[PROVIDED RECORDS — start]
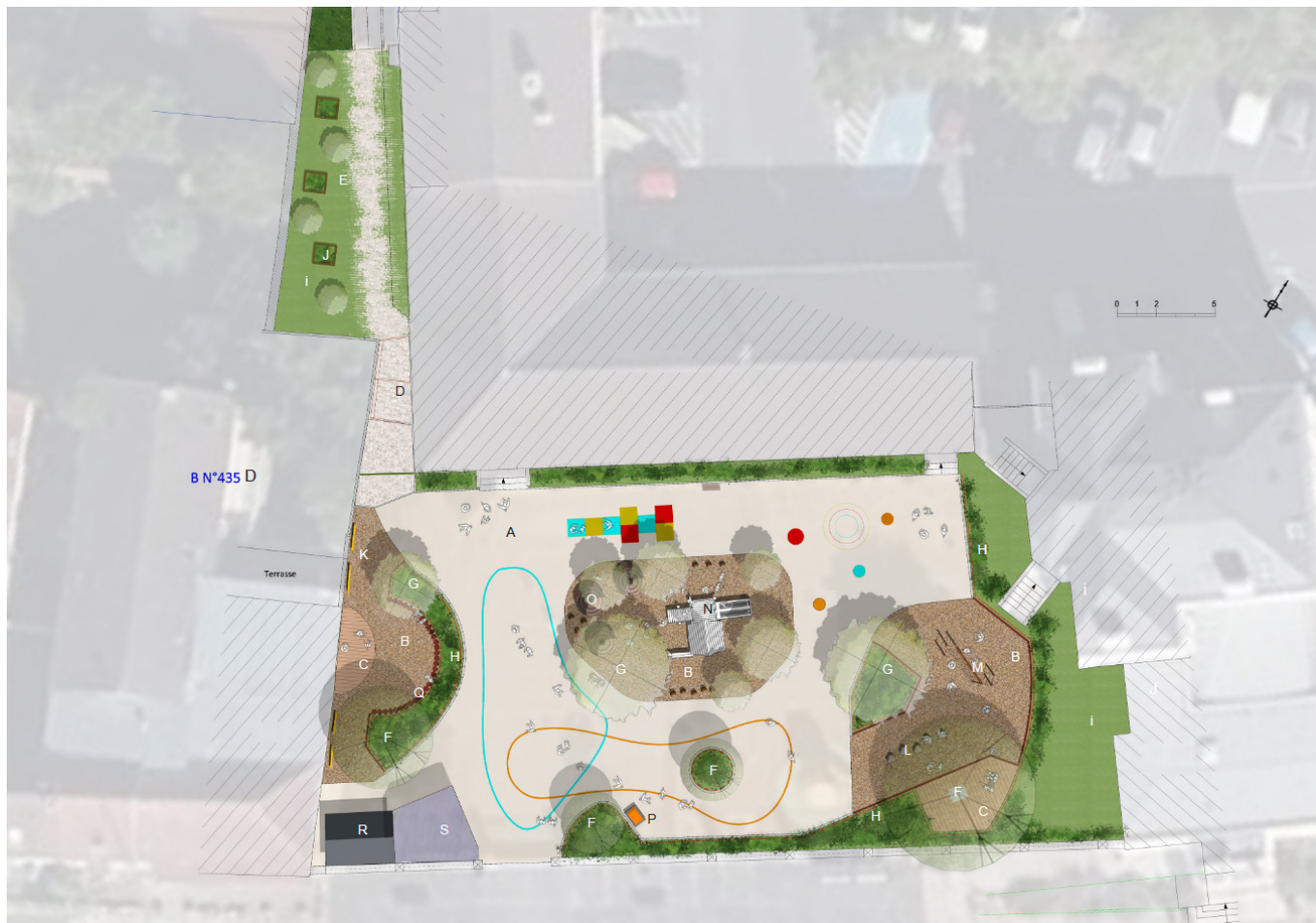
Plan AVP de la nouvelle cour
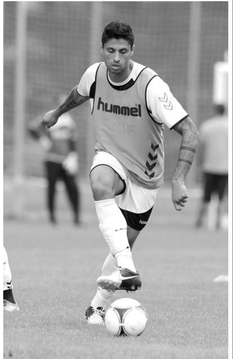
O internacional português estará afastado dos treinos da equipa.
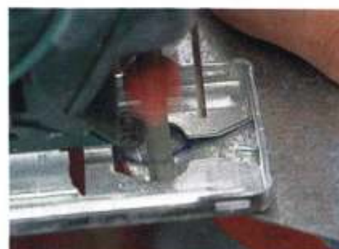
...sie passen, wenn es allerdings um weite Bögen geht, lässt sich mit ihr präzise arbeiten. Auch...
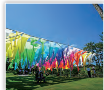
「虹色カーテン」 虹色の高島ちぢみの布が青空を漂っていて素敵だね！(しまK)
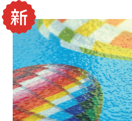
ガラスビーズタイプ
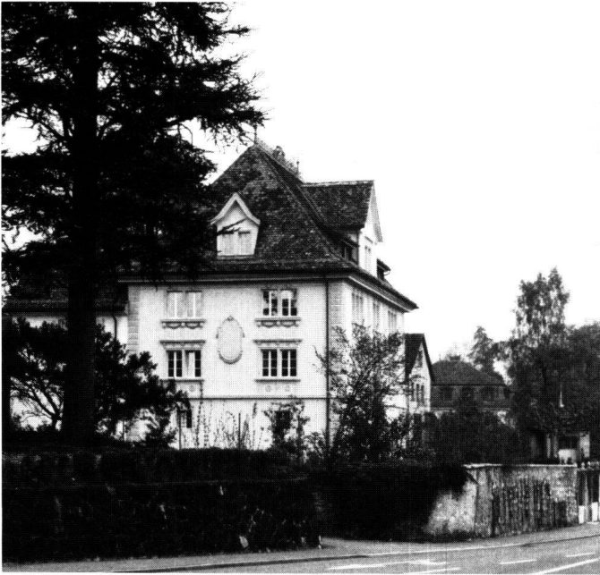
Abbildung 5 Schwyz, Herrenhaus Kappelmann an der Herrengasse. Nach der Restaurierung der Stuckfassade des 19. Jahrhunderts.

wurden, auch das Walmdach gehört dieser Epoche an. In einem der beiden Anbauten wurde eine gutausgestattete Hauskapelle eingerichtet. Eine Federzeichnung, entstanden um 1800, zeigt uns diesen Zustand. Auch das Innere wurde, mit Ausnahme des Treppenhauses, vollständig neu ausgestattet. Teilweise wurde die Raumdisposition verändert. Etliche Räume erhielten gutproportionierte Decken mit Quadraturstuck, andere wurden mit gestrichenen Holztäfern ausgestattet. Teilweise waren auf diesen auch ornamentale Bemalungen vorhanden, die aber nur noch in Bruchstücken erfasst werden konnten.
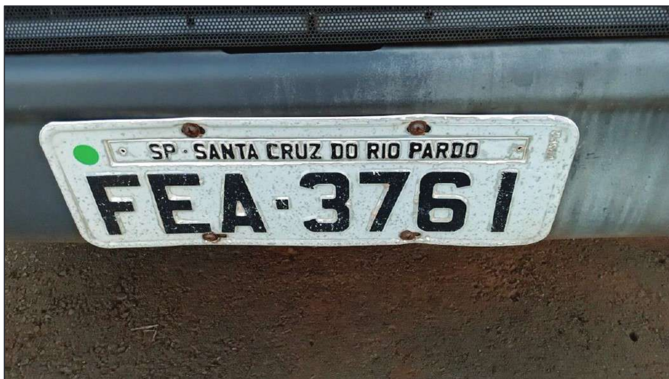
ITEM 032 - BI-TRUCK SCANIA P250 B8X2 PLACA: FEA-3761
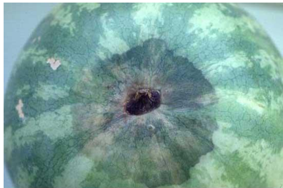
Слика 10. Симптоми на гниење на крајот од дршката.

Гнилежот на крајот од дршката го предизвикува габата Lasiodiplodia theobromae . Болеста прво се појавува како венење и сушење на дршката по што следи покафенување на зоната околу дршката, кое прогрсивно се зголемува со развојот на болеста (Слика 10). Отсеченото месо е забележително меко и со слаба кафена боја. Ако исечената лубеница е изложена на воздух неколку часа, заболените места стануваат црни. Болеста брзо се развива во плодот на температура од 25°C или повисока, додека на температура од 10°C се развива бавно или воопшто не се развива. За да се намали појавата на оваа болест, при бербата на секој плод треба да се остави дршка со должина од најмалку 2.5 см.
[PROVIDED RECORDS — finish]
[PROVIDED RECORDS — start]
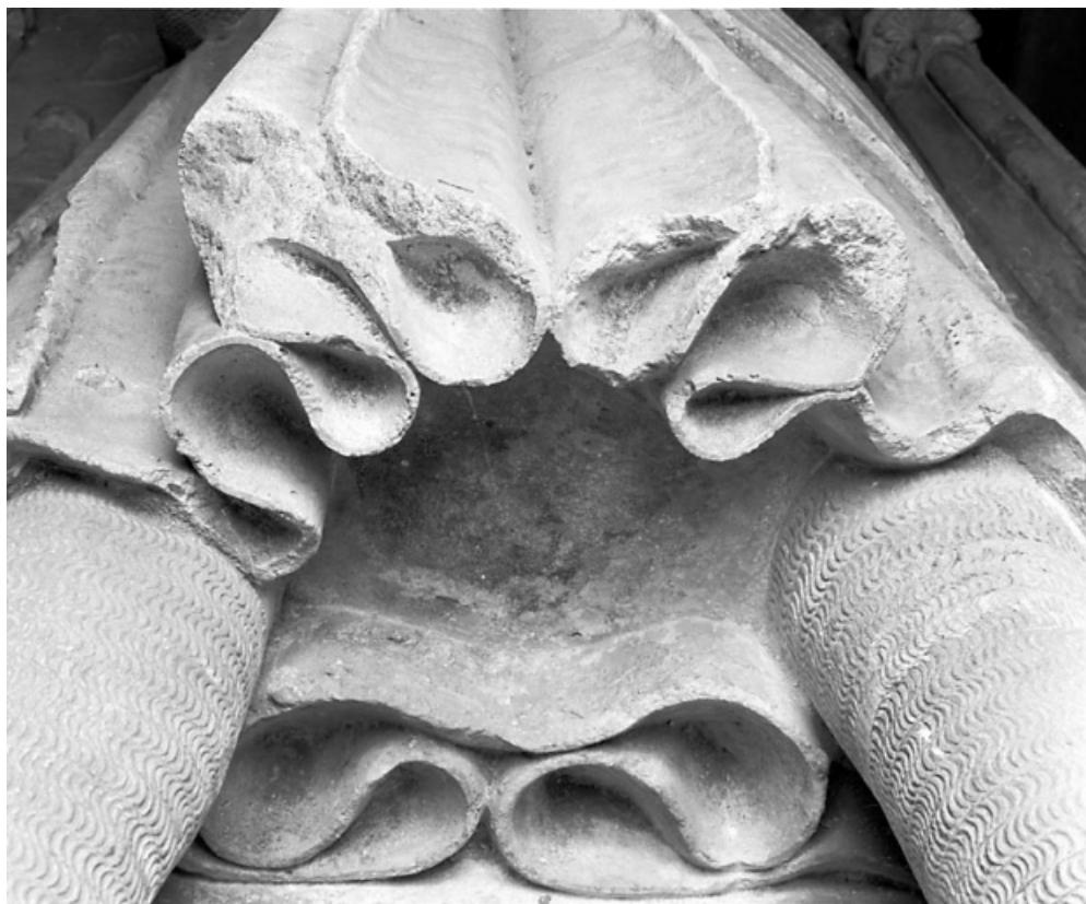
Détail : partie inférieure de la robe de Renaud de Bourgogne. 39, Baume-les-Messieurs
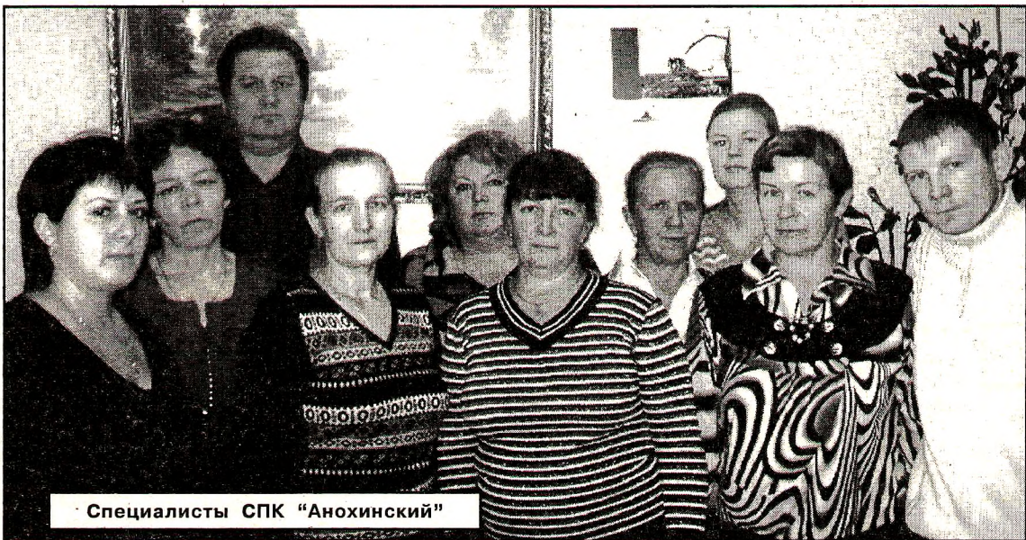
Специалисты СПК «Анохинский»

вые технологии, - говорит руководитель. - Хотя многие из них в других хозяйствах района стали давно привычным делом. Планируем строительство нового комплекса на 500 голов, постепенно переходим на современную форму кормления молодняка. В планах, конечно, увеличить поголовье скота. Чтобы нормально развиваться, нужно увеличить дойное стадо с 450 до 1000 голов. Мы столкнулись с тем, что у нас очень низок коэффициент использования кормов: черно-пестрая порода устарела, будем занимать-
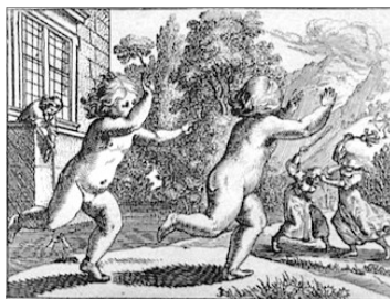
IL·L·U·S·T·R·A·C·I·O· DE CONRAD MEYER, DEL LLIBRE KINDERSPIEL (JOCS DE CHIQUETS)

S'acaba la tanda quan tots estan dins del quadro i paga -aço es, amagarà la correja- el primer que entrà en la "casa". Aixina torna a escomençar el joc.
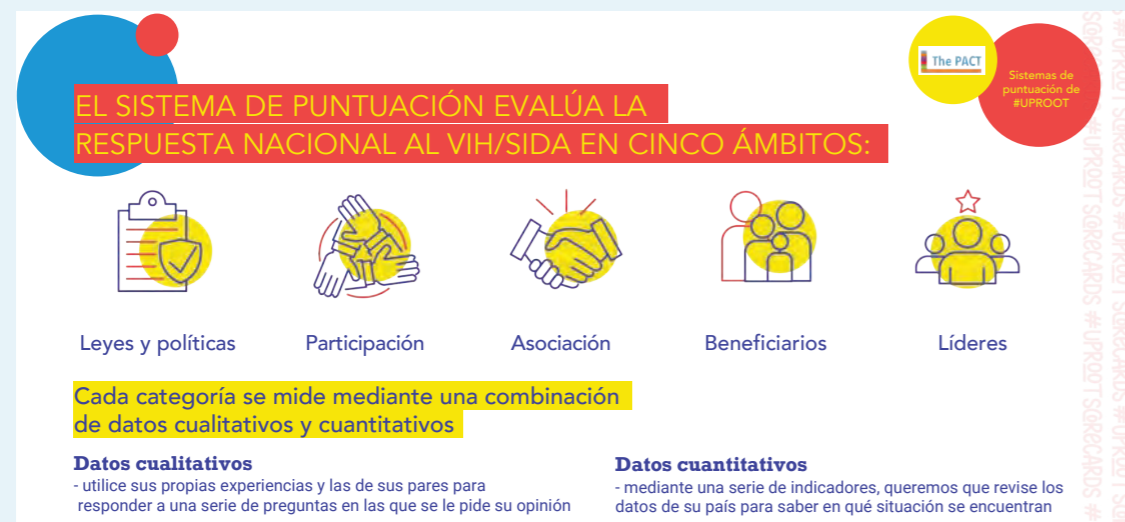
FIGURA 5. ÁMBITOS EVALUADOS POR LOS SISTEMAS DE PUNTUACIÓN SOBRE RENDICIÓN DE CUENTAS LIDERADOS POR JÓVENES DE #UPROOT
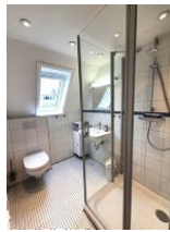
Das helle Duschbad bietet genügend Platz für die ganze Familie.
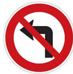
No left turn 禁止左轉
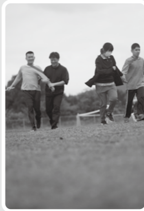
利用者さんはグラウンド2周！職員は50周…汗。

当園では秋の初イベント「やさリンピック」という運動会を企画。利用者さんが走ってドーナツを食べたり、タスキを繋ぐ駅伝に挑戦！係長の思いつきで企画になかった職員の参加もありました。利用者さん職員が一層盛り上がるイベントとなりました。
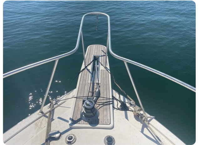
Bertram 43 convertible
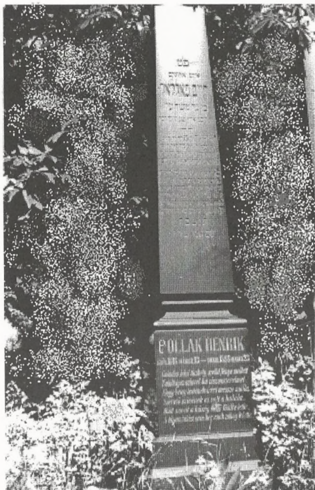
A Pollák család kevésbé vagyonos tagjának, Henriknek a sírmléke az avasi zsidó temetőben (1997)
[PROVIDED RECORDS — finish]
Filter by the word "Auch": copy every line of the data that holds it.

...sie passen, wenn es allerdings um weite Bögen geht, lässt sich mit ihr präzise arbeiten. Auch...
wurden, auch das Walmdach gehört dieser Epoche an. In einem der beiden Anbauten wurde eine gutausgestattete Hauskapelle eingerichtet. Eine Federzeichnung, entstanden um 1800, zeigt uns diesen Zustand. Auch das Innere wurde, mit Ausnahme des Treppenhauses, vollständig neu ausgestattet. Teilweise wurde die Raumdisposition verändert. Etliche Räume erhielten gutproportionierte Decken mit Quadraturstuck, andere wurden mit gestrichenen Holztäfern ausgestattet. Teilweise waren auf diesen auch ornamentale Bemalungen vorhanden, die aber nur noch in Bruchstücken erfasst werden konnten.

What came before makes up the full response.